Kostner won the 2012 Europeans, her fourth continental title in ten appearances at the event. Her next competition was the 2012 International Challenge Cup, which she won by more than 26 points.

At the 2012 World Championships in Nice, France, Kostner finished third in the short program and first in the free skate with a new personal best score to take the gold. She became Italy's first World champion in ladies' singles and second in any discipline after Fusar-Poli / Margaglio in 2001. Kostner's final event of the season was the 2012 World Team Trophy, where she competed as part of the Italian team. She set a new personal best score in the short program and placed third in the free skate, finishing 2nd overall.

2012–2013 season 
Kostner was assigned to the 2012 Cup of China and the 2012 Trophee Eric Bompard. In July 2012, she said that she was considering retiring from competition but on 12 July 2012 she stated that she had decided to continue competing until the 2014 Winter Olympics in Sochi.
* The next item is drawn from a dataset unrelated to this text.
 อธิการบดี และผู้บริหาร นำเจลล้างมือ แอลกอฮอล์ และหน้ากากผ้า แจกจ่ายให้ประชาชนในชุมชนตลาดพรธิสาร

On 2 August 2012 her name was removed from the entry lists of both of her 2012–2013 Grand Prix events due to insufficient time to reach competitive fitness. On 1 December 2012, Kostner announced on her website that she would be competing in the 2012 Golden Spin of Zagreb. At the 2013 European Championships in Zagreb, Croatia, Kostner finished second in the short program and second in the free skate with a new personal best score to take the gold, her fifth title and her eighth consecutive European medal. She then won her fifth World medal, silver, at the 2013 World Championships.

2013–2014 season 
In June 2013, Kostner began training for the 2013–2014 season in Oberstdorf. She started her season competing at the 2013 Cup of China where she won the bronze medal and then won the silver medal at the 2013 Cup of Russia. In January 2014, Kostner announced she had changed her competitive programs. At the 2014 European Championships in Budapest, Hungary, Kostner won the bronze medal, her 9th podium in a row in the continental competition.
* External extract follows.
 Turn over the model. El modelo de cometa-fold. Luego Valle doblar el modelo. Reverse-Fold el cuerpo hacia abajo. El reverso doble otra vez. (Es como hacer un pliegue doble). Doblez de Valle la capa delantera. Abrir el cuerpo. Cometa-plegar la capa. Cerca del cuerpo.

At the 2014 Winter Olympics in Sochi, Russia, Kostner was in third place after the short program, with a score of 74.12, just 0.8 behind leader, and reigning Olympic champion, Kim Yuna of South Korea. She ultimately won the bronze medal after the free skate, with a total score of 216.73. She later said, "That night at the medal ceremony was very emotional; it was a moment when the circle closed for me and my career. I felt I missed nothing in my competitive career anymore."

One month later, at the 2014 World Championships in Saitama, Japan, Kostner placed second in the short program with a score of 77.24, her personal best. She made multiple mistakes in her free skate, where she placed sixth, and finished in third place.

2014 to 2016: Hiatus and suspension
In the summer of 2014 Kostner announced via social media that she would be taking a break from figure skating for the 2014–2015 season.

In January 2015, Kostner received a 16-month suspension from competition for lying about the location of her ex-boyfriend Alex Schwazer, reportedly to help him conceal his use of an illegal performance-enhancing hypobaric chamber machine and to help him avoid a drug test. On 5 October 2015, the Court of Arbitration for Sport (CAS) announced Kostner had agreed to a demand by Italian doping officials to increase the suspension to 21 months but to backdate the start of the ban to 1 April 2014. Kostner was therefore eligible to compete from 1 January 2016. She participated in an ISU sanctioned pro-am competition, Medal Winners Open, in January 2016.

2016–2017 season 
In November 2016, Kostner announced her intention to return to competitive skating with Alexei Mishin as her coach. She stated, "I don't feel any interest in other medals or results, really. But I feel a deep interest in learning what I've not learned yet. That's why I asked Mr. Mishin if I could train with him, at times."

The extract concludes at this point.